За неделю до открытия Комиссии государыня издала об оном именной указ Правительствующему Сенату и в тот же день утвердила Александра Алексеевича Вяземского в должности генерал-прокурора.

В день открытия Комиссии, кое состоялось тридцатого июля, в Москву съехалось до четырехсот шестидесяти депутатов. Почти у всех в петлицах на золотых цепочках красовались золотые овальные медали с изображением вензелевого имени Екатерины Второй на одной стороне, а на другой – пирамиды, увенчанной короной с надписью: «Блаженство каждого и всех», внизу же овала: «1766 года декабря 14-го» – день и год, когда обнародовали Манифест императрицы Екатерины об учреждении Комиссии, о сочинении проекта нового Уложения и о созыве депутатов со всей империи.

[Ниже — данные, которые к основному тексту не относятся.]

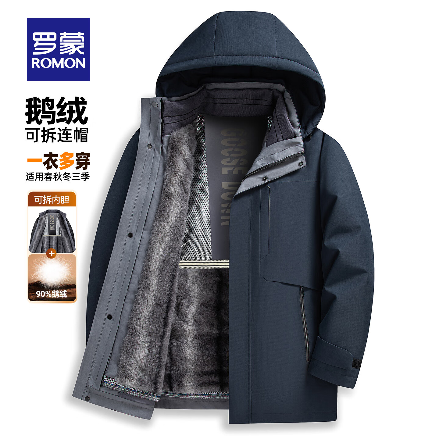 罗蒙(ROMON)一衣多穿可拆卸内胆连帽鹅绒羽绒服男士中长款保暖加厚防寒服外套 蓝灰色 XL 180(适合135-155斤)

В десятом часу утра милостиво улыбающаяся Ея Величество императрица Екатерина Вторая, в малой короне на высокой прическе, в императорской мантии поверх изысканного платья, выехала из Головинского дворца в Кремль, в карете, запряженной восьмеркой лошадей, украшенной позолоченной короной и гербом. Явление ее было необычайно величественно и отличалось великолепием. Сама императрица блистала свежестью и красотой. Народ, толпившийся в Кремле, замер при ее появлении. Рядом с каретой императрицы ехали верхами обер-шталмейстер Лев Александрович Нарышкин, шталмейстер Александр Сергеевич Строганов, генерал – адъютант Алексей Григорьевич Орлов, генерал-лейтенант Федор Григорьевич Орлов, генерал-полицмейстер Николай Иванович Чичерин. За ними следовали кавалергарды во главе с генерал – аншефом в золоченной кирасе, Григорием Григорьевичем Орловым. Народ с интересом разглядывал ехавшего следом Великого князя со своим сопровождением, а такожде движущихся за ними длинным хвостом других вельможных лиц.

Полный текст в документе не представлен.